Posted by Aaron on Aug 21, 2007

It is sometimes easy to forget how many changes actually occur when you show up at law school. Sure, your class schedule and living situation change, but unless you had a large contingency of law aspiring undergraduate friends, you’re also going to have to start from scratch on the friend front. And while your professors and class schedule will affect your experience, a group of good friends can mitigate any misfortune your school work may bring.

The first week of law school is a super meet and greet where everybody is friends with everybody. You latch onto the few faces you know. Suddenly, the guy who sat next to you in orientation is your best friend and the girl that lives down the hall from you is your other best friend. As time passes and you meet other people, you realize that friend selection based on spatial proximity may not be the best criteria. It’s an evolving time where you grow closer to some people and further away from others much like any other social situation. Law school doesn’t change how you make friends or what you look for in friends; it just makes you do it again.

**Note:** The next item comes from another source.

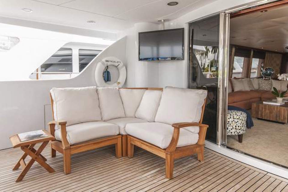 The Aft Deck offers seating and a table for dining alfresco. Her swim platform has a shower and custom swim ladder. On the Flybridge deck, there are areas for sunbathing and shaded areas. This area features a full-bar with ...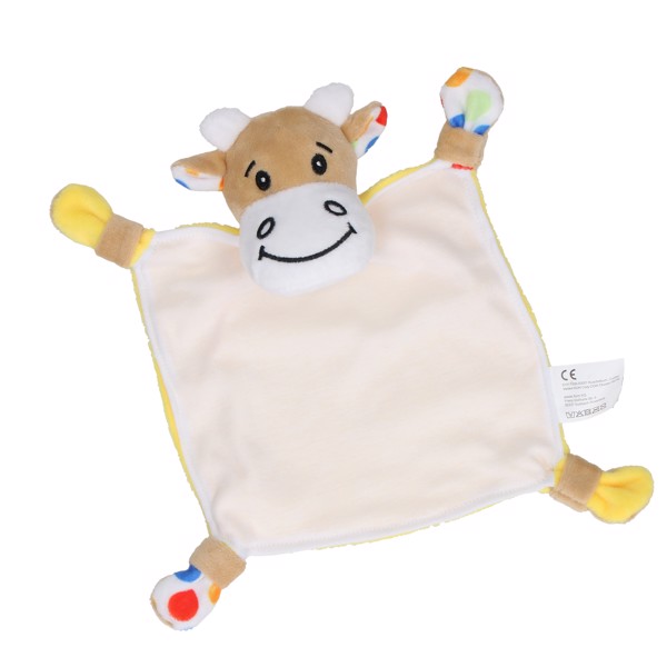 Das niedliche Kuscheltuch zaubert Babys ein Lächeln ins Gesicht - weiches Kuscheltuch aus super softem Velboa-Plüsch in den Versionen "Hase", "Kuh" und "Bär". Die niedlichen Arme und Ohren laden zum Tasten, Fühlen und Knuddeln ein, sodass das kuschelweiche Tuch bald nicht mehr aus der Hand gelassen wird. Es ist CE getestet und kann auf dem "Bauch" großflächig im Rollentransfer veredelt werden.

Last winter, I went out to lunch with my old rowing coach, who is also a lawyer, and he asked me if there were a lot of cliques. I replied something to the effect of no, and that I just hang out with a few people and don’t really interact all that much with everyone else. Well, I had pretty much given the definition of a clique and feeling very silly, I conceded the point. But looking back, I’ve come up with a better defense. Yes, I did really only have a few people that I was very close to, but I wasn’t close to them at the exclusion of everybody else. It is just a matter of convenience that a large group will break into smaller ones and, while everyone had their groups of close friends, there is a sense of “we’re all in it together” that bonds the whole 1L class. And while there will always be that guy who annoys the crap out of you, there will also be those two guys that make you laugh so hard at lunch that your face hurts, that console you as you walk to your car after a seemingly horrible exam, or even take that late night phone call to listen to you whine about the amount of material we have to learn.

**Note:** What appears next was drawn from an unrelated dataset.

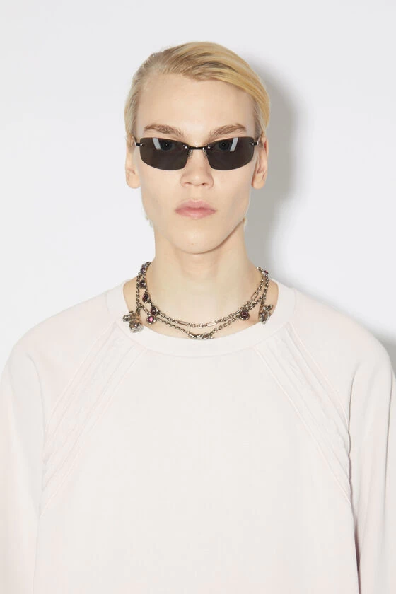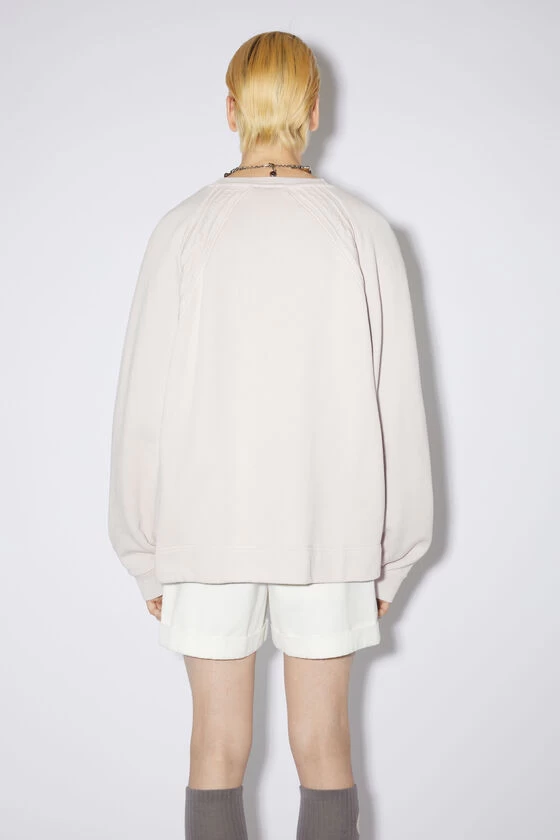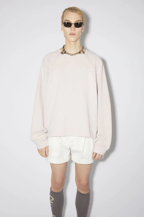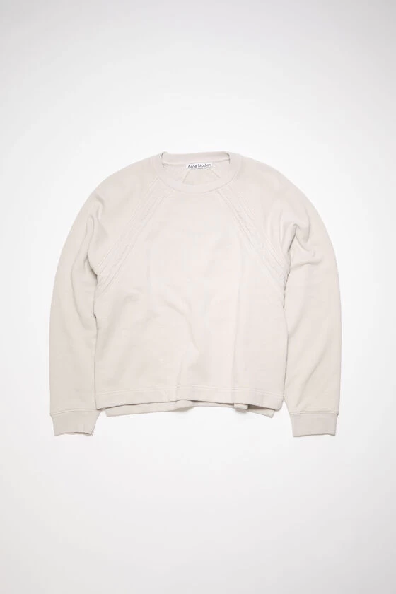 Acne Studios cold white crew neck sweatshirt features Acne Studios logo tape inserts and is crafted from midweight cotton. Detailed with a ribbed neckline and cuffs. Complete with raglan sleeves, side vents and longer back. Cut to a relaxed fit.

Your friends you make at law school will save your sanity because, after all, they are the only ones that know what you’re going through. Your mom will tell you everything is fine and your other friends will tell you that you’ll be ok but, in the end, they have no idea what they are talking about. The only voice that will bring any sort of comfort will be that of someone who knows what you’re going through, who is suffering right beside you, and who will be there next to you at the finish line.